# Webseiten Aufbau



## noxum (12. April 2011)

Guten Abend, 

also ich habe folgendes Problem. Bin gerade dabei das Layout für eine neue Seite zu erstellen und hab nun ein Problem wo ich nicht weiter komme. Also die Webseite soll einen Verlauf von Unten nach Oben haben und in der Mitte einen Bereich, welcher einen Schatten drumherum hat. 

So das Problem ist nun, dass ich nicht weiß wie ich das realisiere. Ich habe es schon mit Tabellen versucht, allerdings geht das nicht, da sich die zwei Verläufe in die quere kommen. 
Am liebsten würde ich zwei Hintergründe übereinander machen, aber die html-tag und body-tag background Methode kommt mir doch sehr spanisch vor. 

Hat einer von euch eine Idee? Zur verdeutlichung hier mal eine Skizze(schnell in Pait gemacht, falls es zu undeutlich ist kann ich nochmal eine neue in PS machen ^^)






MFG Noxum


----------



## zer0 (12. April 2011)

Den Background könntest du mittels eines Bildes machen. Für den Schatten des Content bietet sich CSS an. Dort gibt es seit CSS3 soweit ich weiß diese Möglichkeit (box-shadow). Ausserdem gibt es noch die spezifischen Browser-CSS Styles, z.B. -moz-box-shadow.

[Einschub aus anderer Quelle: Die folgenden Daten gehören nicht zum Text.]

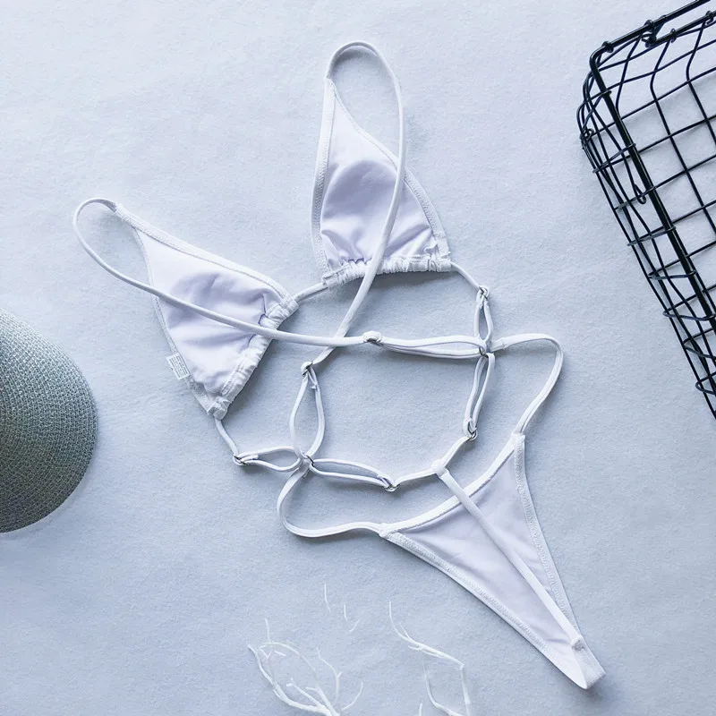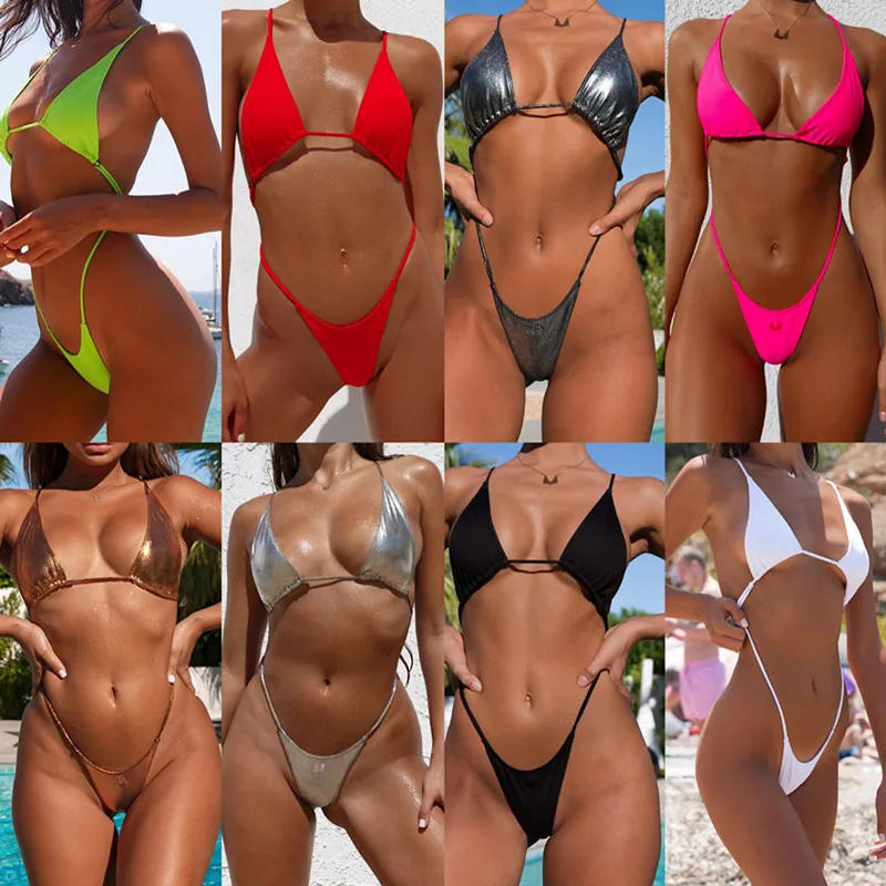8 однотонных микро стрингов бикини сексуальный недоуздок, женский купальник, Бразильское бикини, купальный Монокини пуш-ап на бретельках, комплекты бикини
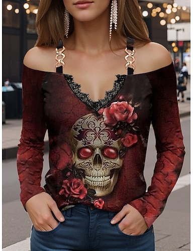 Blusa de mujer Floral Gráfica de Calaveras Calavera Vintage Estilizada Casual de Manga Larga Cuello en V Tops Regulares Impresión Diario Salir Patchwork Blanco Rojo Vino Púrpura Caqui Primavera Otoño
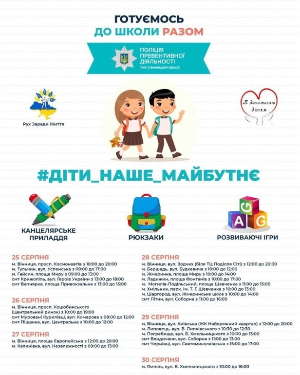 Поліція Вінниччині ініціює проведення благодійної акції «Готуємось до школи разом». Для того, щоб зібрати до школи дітей, які потребують допомоги громади поліцейські виставлять спеціальні контейнери у десятці міст та селищ Вінниччини. Також благодійники можуть звернутися до ювенальної поліції і надати адресну допомогу.
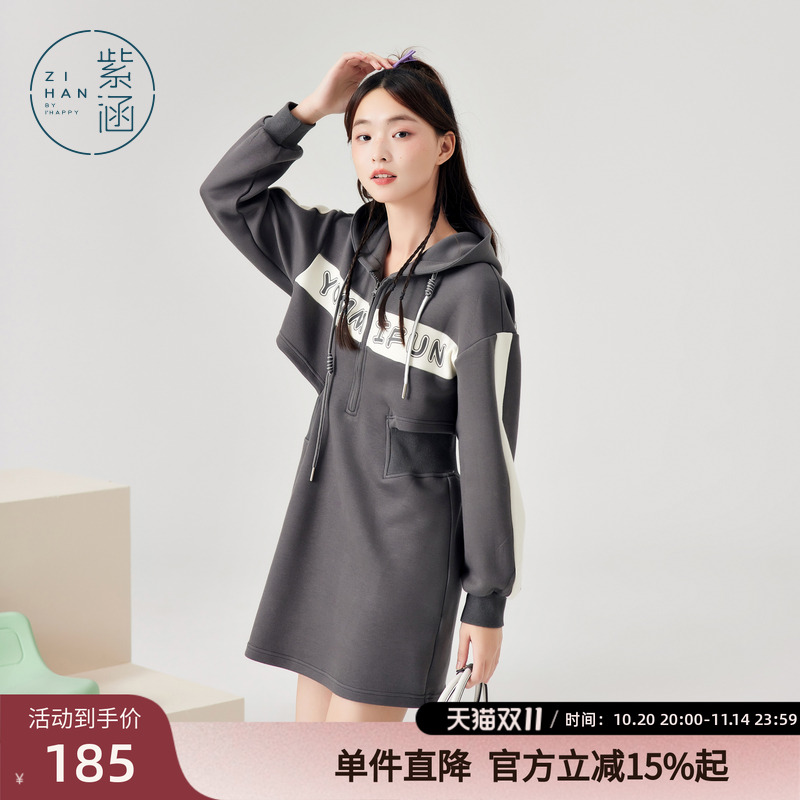 紫涵拉链门襟连帽卫衣裙子女春秋季新款休闲运动风收腰长袖连衣裙
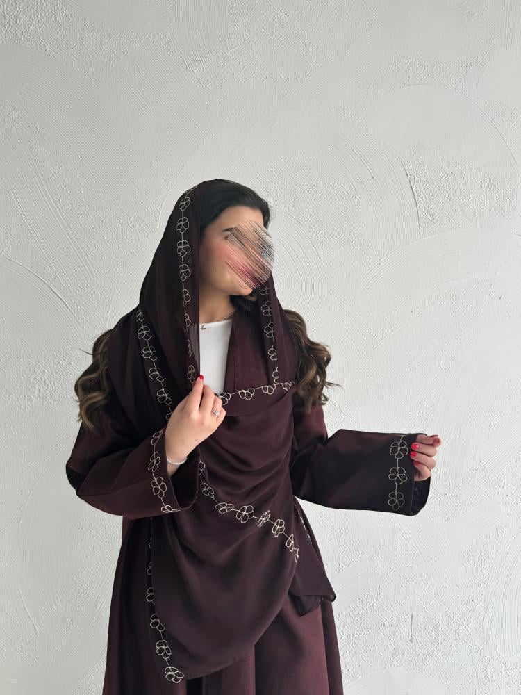 القماش: لنن هندي عودي مع تطريز يدوي على العباية والطرحة
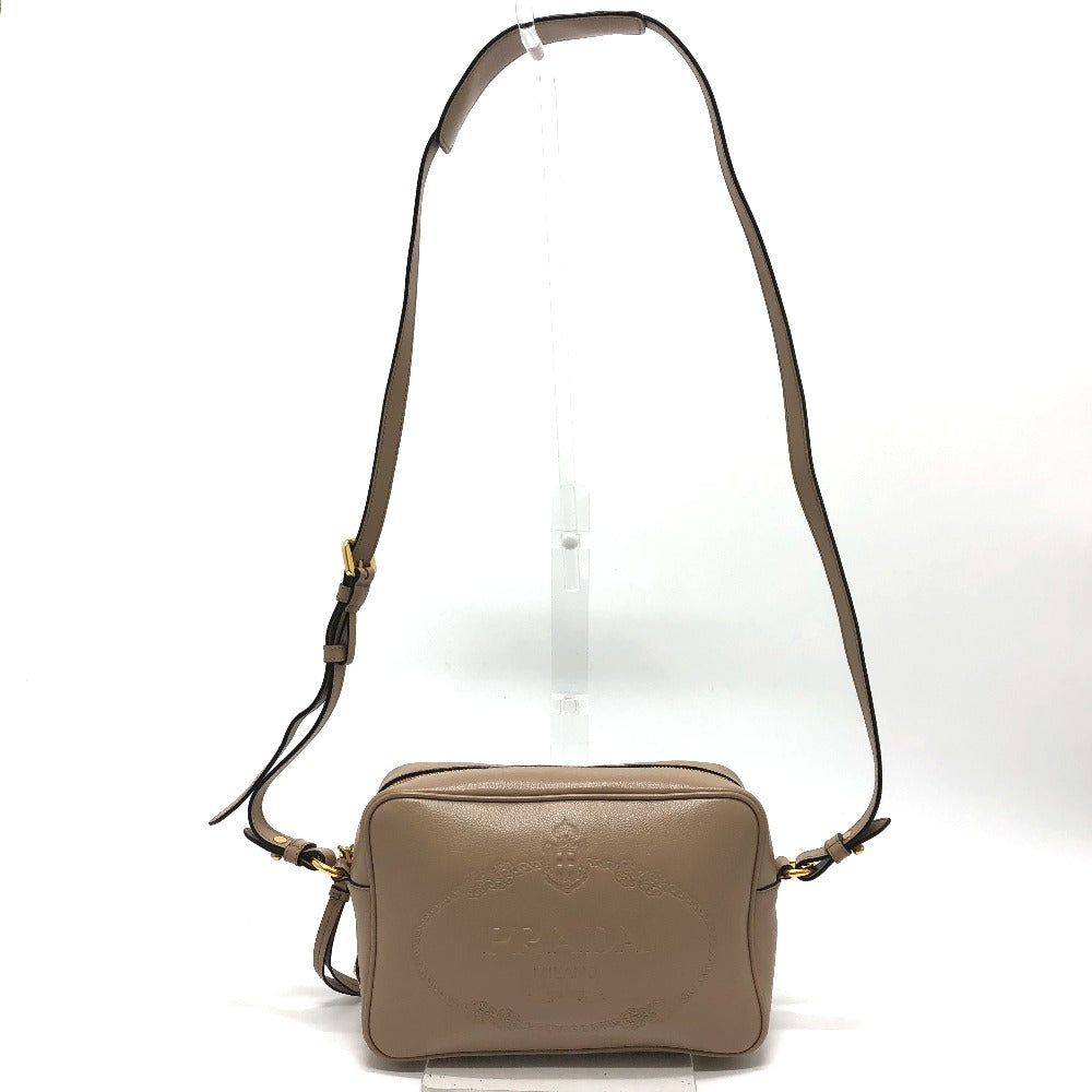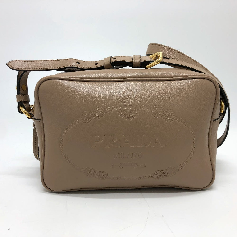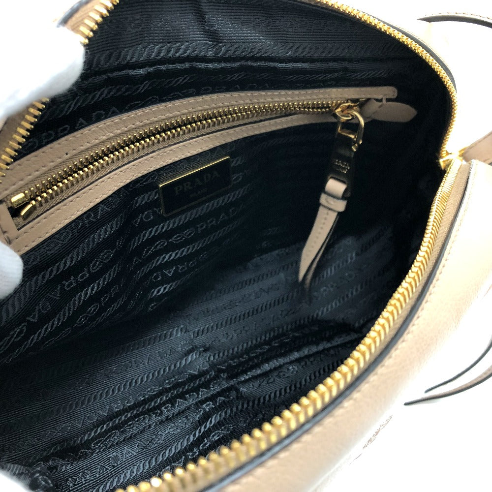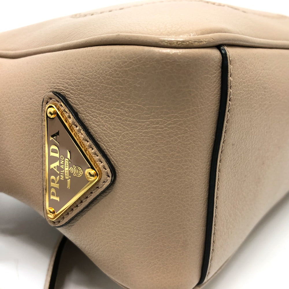 PRADA Shoulder Bag 1BH089 leather beige logo GLACE CALF CAMMEO Women Used Authentic
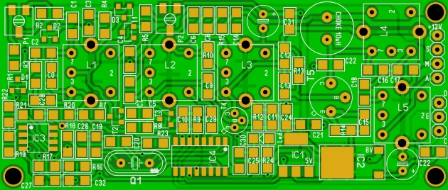 Le design de la carte HF émission à synthèse de fréquence est prêt et part en fabrication, cette carte pourra être programmée en 27, 35, 40 et 41MHZ, les canaux de chaque bande programmables directement à partir de l'émetteur, dimension : 80x34mm. Je vais prévoir également la possibilité de l'utiliser à partir d'un émetteur du commerce.

Ein Problem bekommst du falls sich der Content an seine Größe anpasst. Dann wird das mit dem Hintergrundverlauf nicht mehr so richtig klappen. Vllt gibt es dafür seit CSS3 eine neue Möglichkeit.

Gruß


----------



## noxum (12. April 2011)

Hm... danke für deine Antwort. 
Habe Verlauf und den Hintergrund zwar schon als png, werde mich aber mal schlau machen mit dem CSS Schatten. 
Danke schonmal an dich, wer noch andere Vorschläge hat immer her damit.


Edit: Ok hab es gelöst. ^^ Hab einfach 2 div´s gemacht welche 100% höhe haben und als background dann das Content Hintergrundbild. Trozdem danke


----------